## Problem details
Repeat the data exactly. Pictures are not part of the copy.

## Data
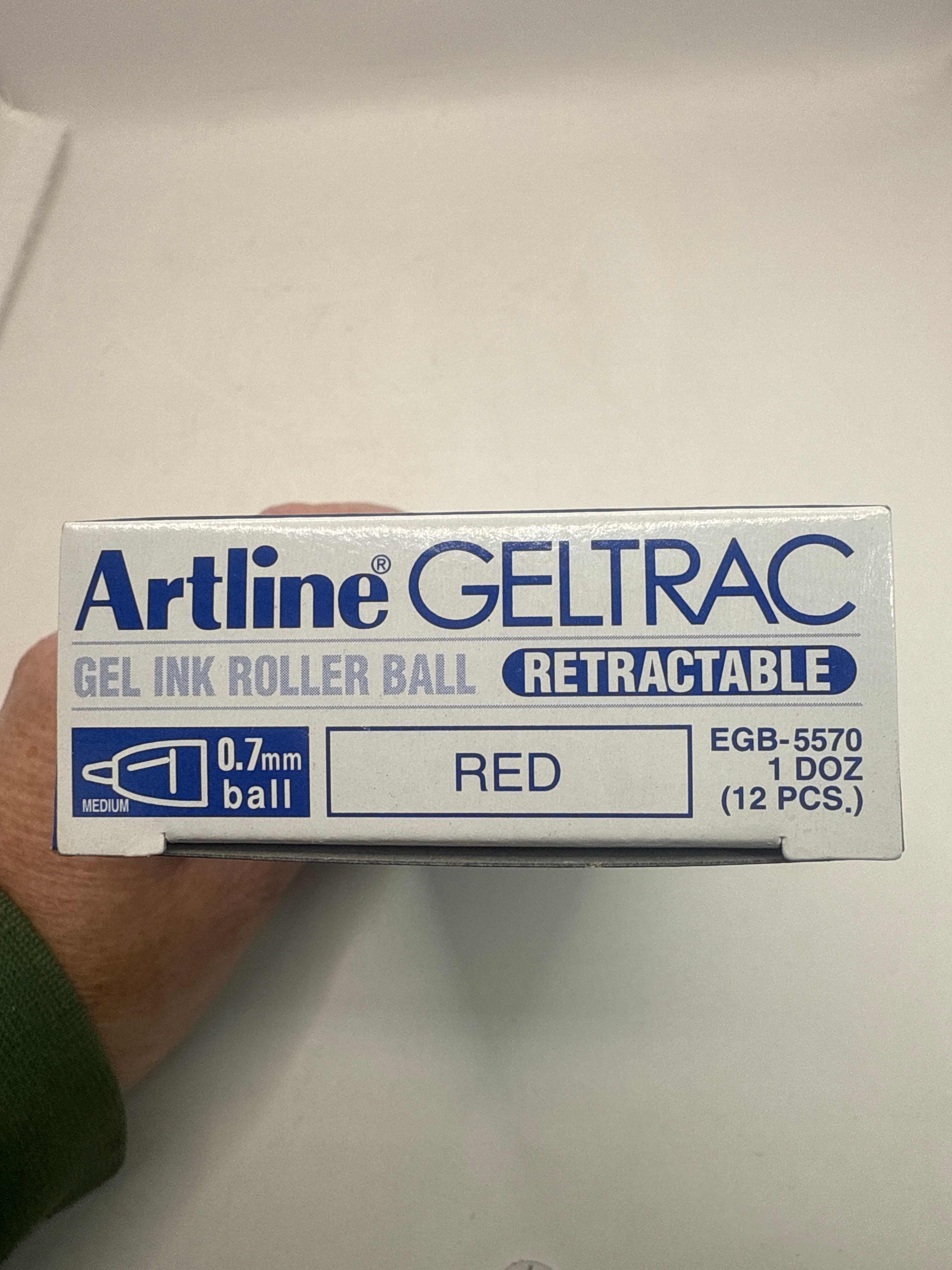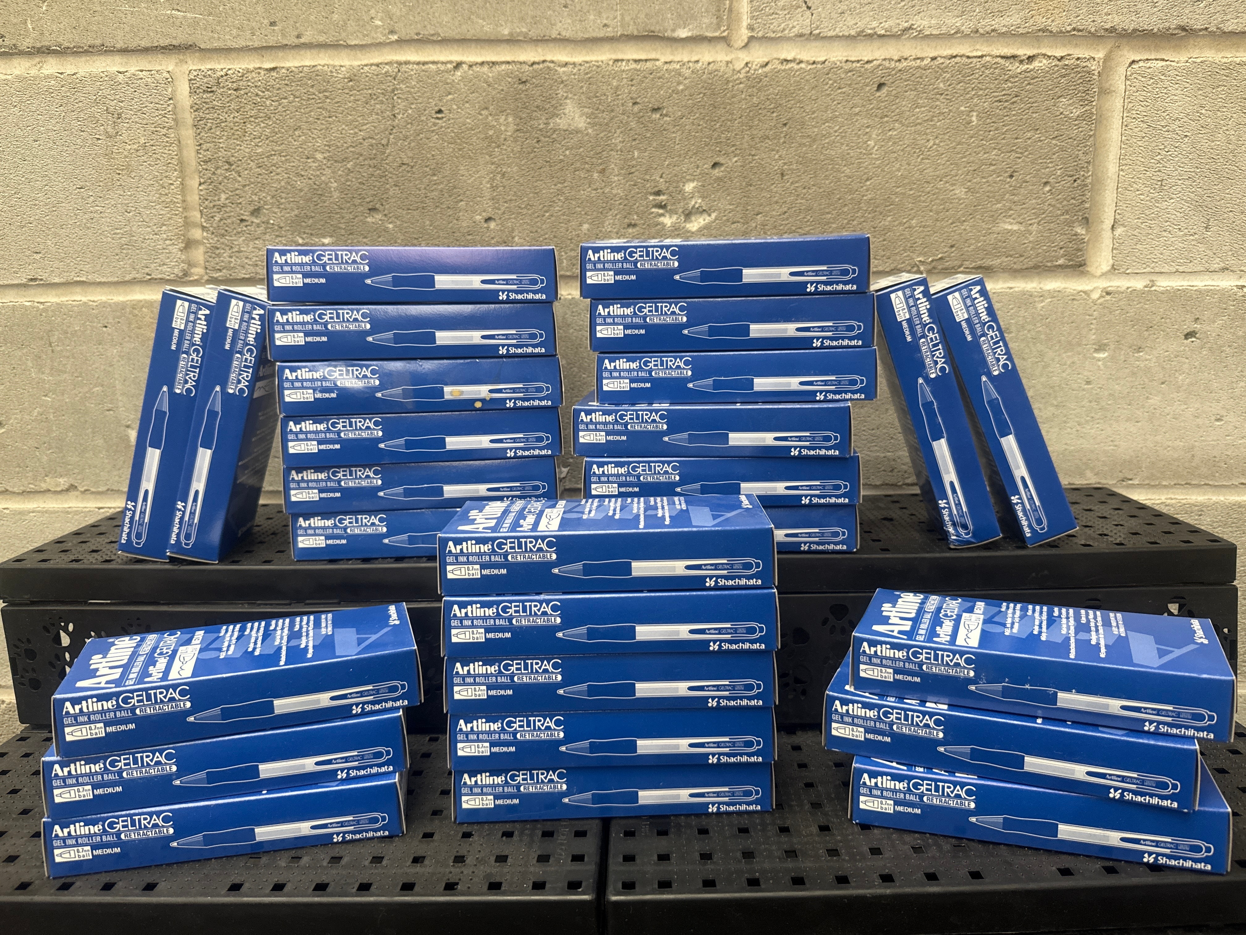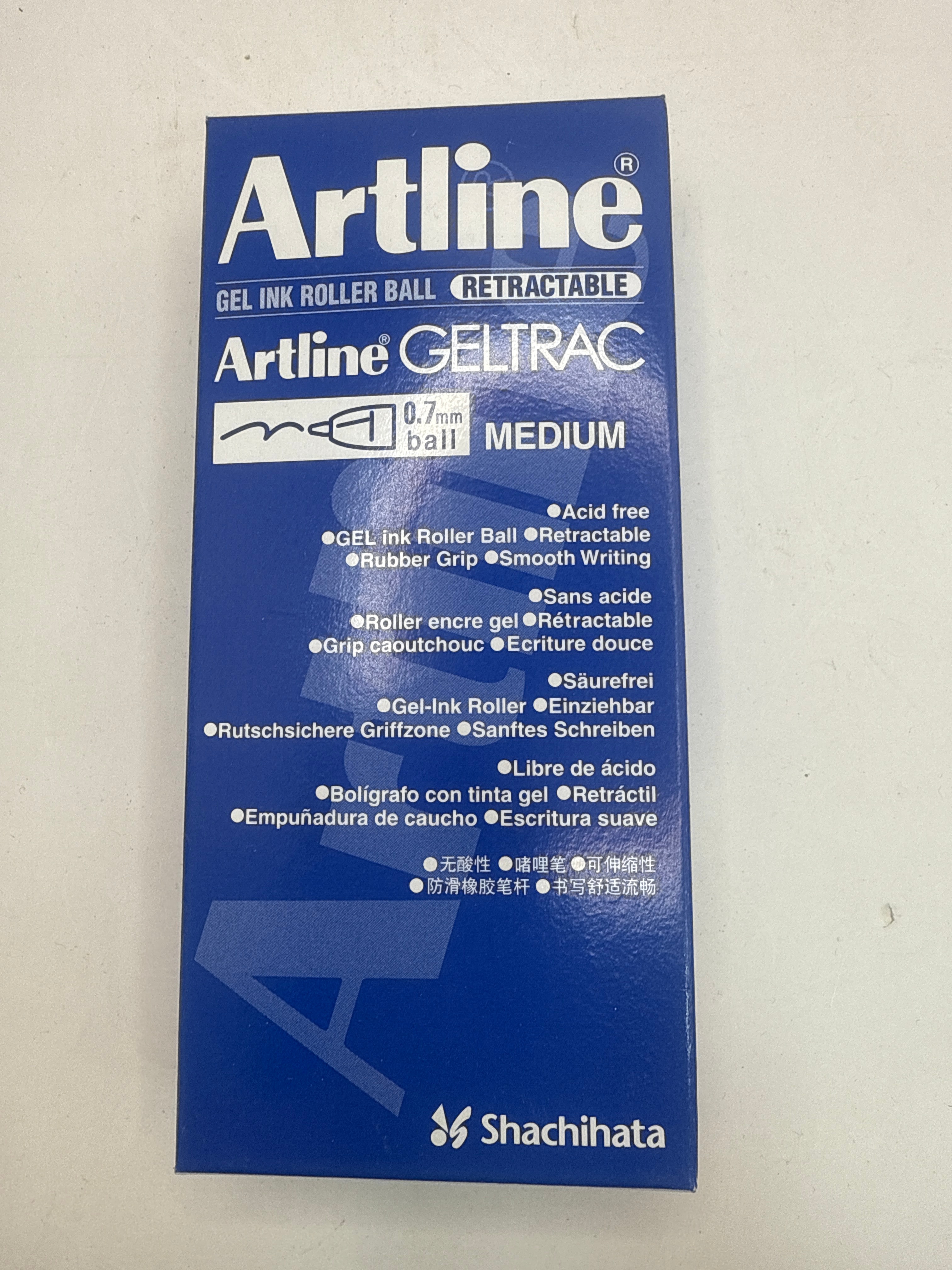 This lot comprises 27 individual Shachihata Artline GELTRAC retractable gel ink rollerball pens. Each pen features a 0.7mm medium ball. The pens are presented in their original cardboard packaging, predominantly blue in color, with most indicating blue ink. One box explicitly states ‘RED’ ink. Each box is marked with the model number EGB-5570 and is designed to contain ‘1 DOZ (12 PCS.)’. The packaging identifies Shachihata as the manufacturer and includes multilingual feature descriptions such as ‘Acid free,’ ‘Rubber Grip,’ and ‘Smooth Writing’ in English, French, German, Spanish, and Chinese.
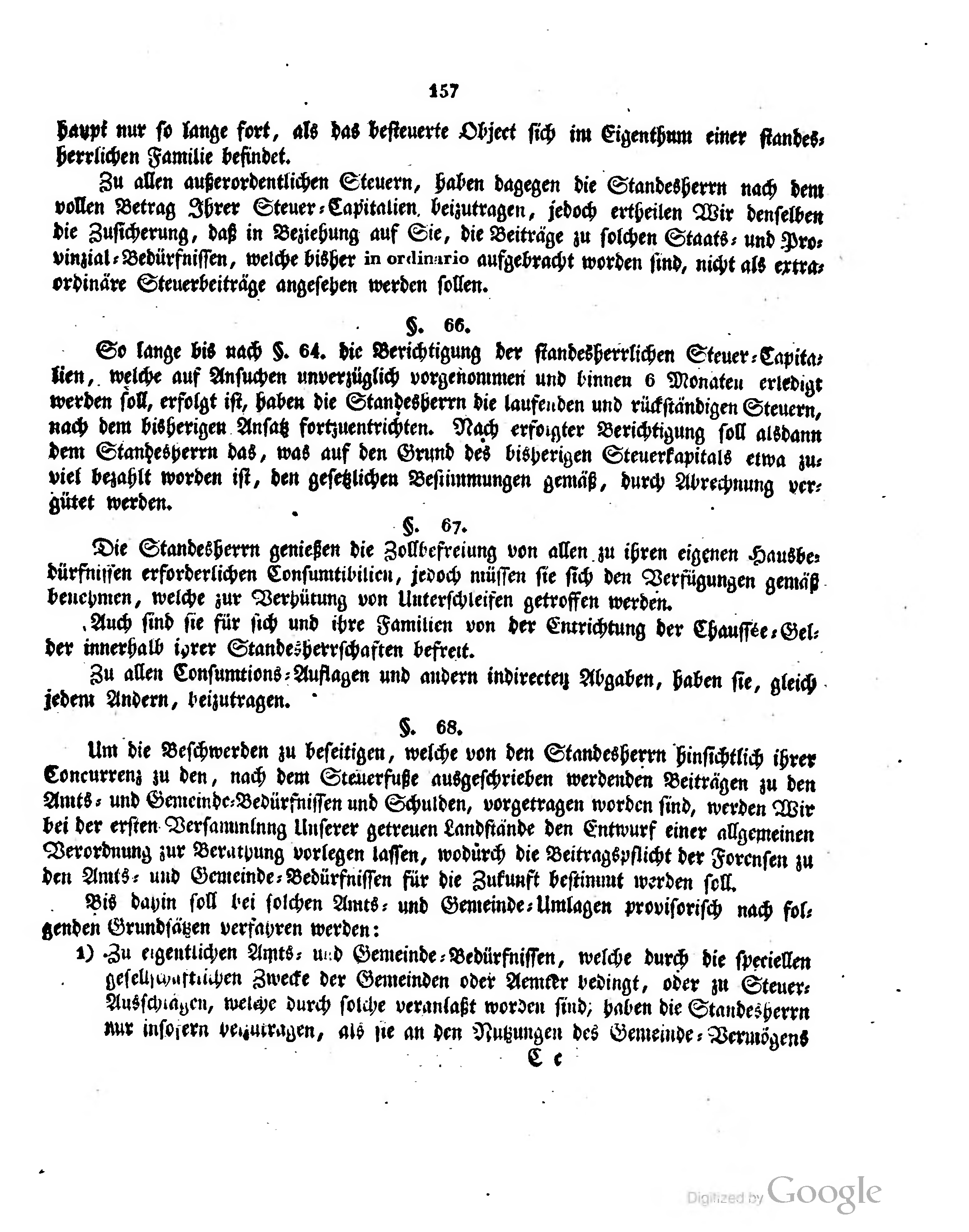 Um die Beschwerden zu beseitigen, welche von den Standesherrn hinsichtlich ihrer Concurrenz zu den, nach dem Steuerfuße ausgeschrieben werdenden Beiträgen zu den Amts- und Gemeinde-Bedürfnissen und Schulden, vorgetragen worden sind, werden Wir bei der ersten Versammlung Unserer getreuen Landstände den Entwurf einer allgemeinen Verordnung zur Berathung vorlegen lassen, wodurch die Beitragspflicht der Forensen zu den Amts- und Gemeinde Bedürfnissen für die Zukunft bestimmt werden soll.
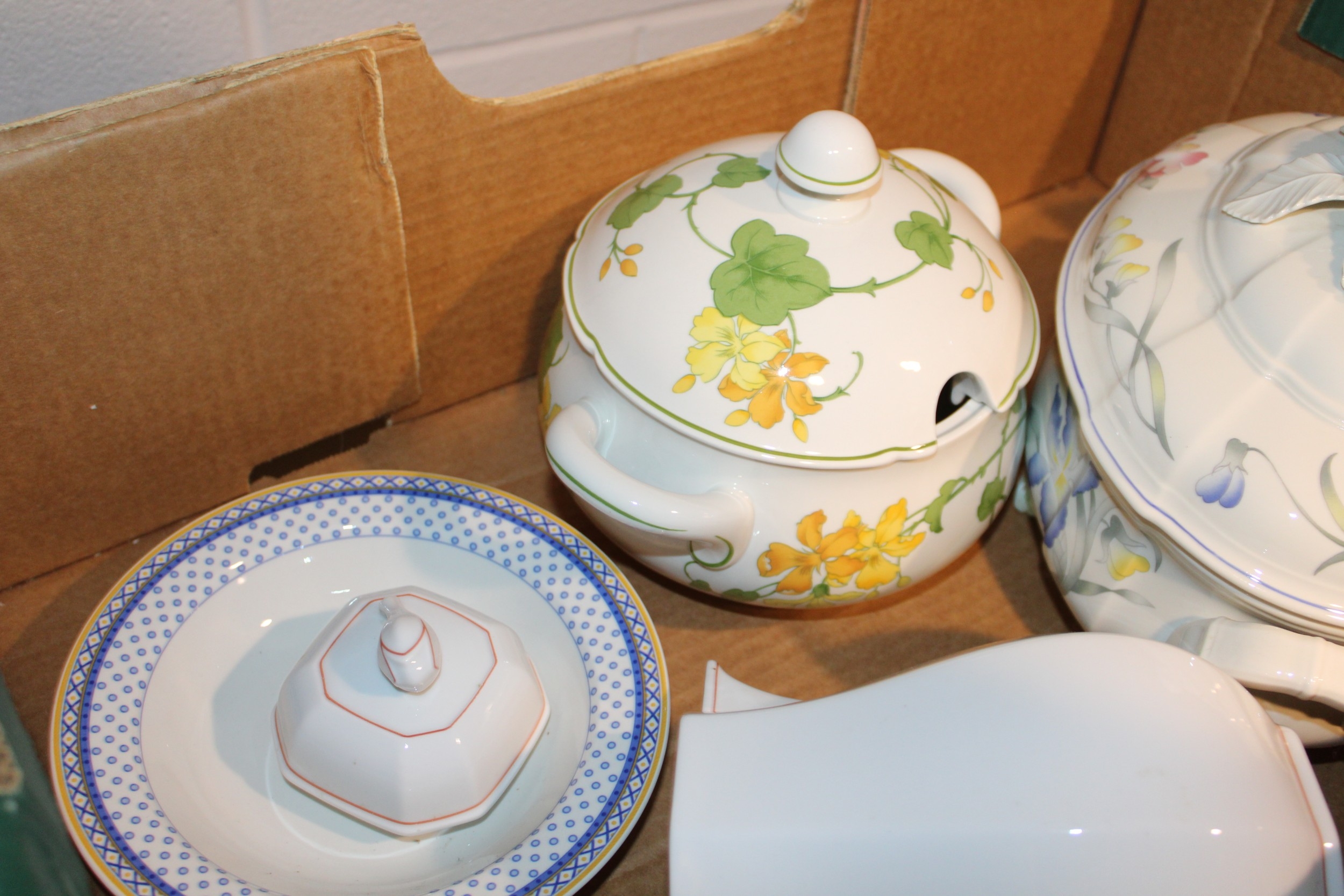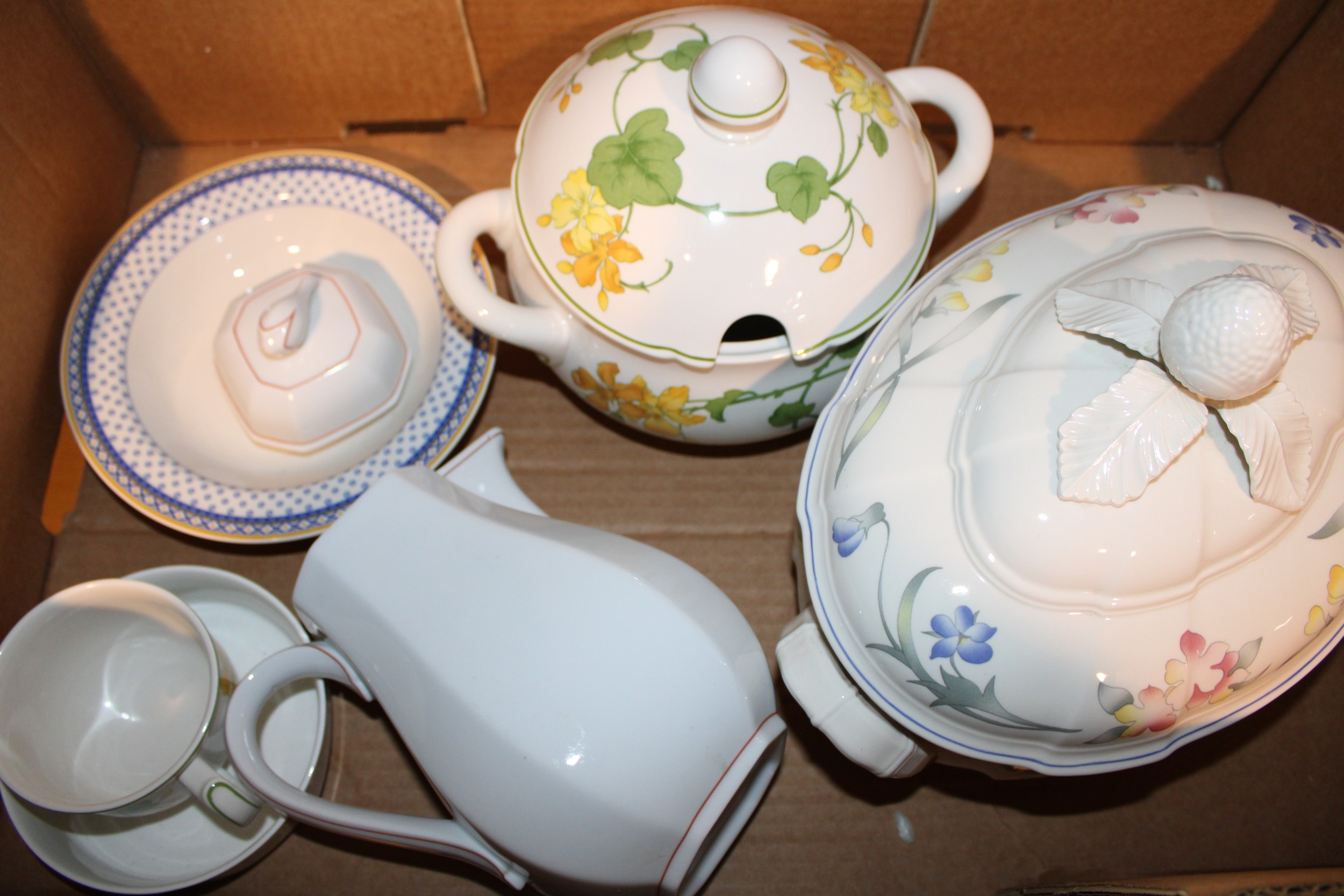 A collection of Villeroy Boch Dinnerware and Teaware to include patterns such as Riveira, Geranium, Facetted Rouge, Iris, Holly, Perpignon in various shapes (Qty).

## Answer to the problem
 This lot comprises 27 individual Shachihata Artline GELTRAC retractable gel ink rollerball pens. Each pen features a 0.7mm medium ball. The pens are presented in their original cardboard packaging, predominantly blue in color, with most indicating blue ink. One box explicitly states ‘RED’ ink. Each box is marked with the model number EGB-5570 and is designed to contain ‘1 DOZ (12 PCS.)’. The packaging identifies Shachihata as the manufacturer and includes multilingual feature descriptions such as ‘Acid free,’ ‘Rubber Grip,’ and ‘Smooth Writing’ in English, French, German, Spanish, and Chinese.
 Um die Beschwerden zu beseitigen, welche von den Standesherrn hinsichtlich ihrer Concurrenz zu den, nach dem Steuerfuße ausgeschrieben werdenden Beiträgen zu den Amts- und Gemeinde-Bedürfnissen und Schulden, vorgetragen worden sind, werden Wir bei der ersten Versammlung Unserer getreuen Landstände den Entwurf einer allgemeinen Verordnung zur Berathung vorlegen lassen, wodurch die Beitragspflicht der Forensen zu den Amts- und Gemeinde Bedürfnissen für die Zukunft bestimmt werden soll.
 A collection of Villeroy Boch Dinnerware and Teaware to include patterns such as Riveira, Geranium, Facetted Rouge, Iris, Holly, Perpignon in various shapes (Qty).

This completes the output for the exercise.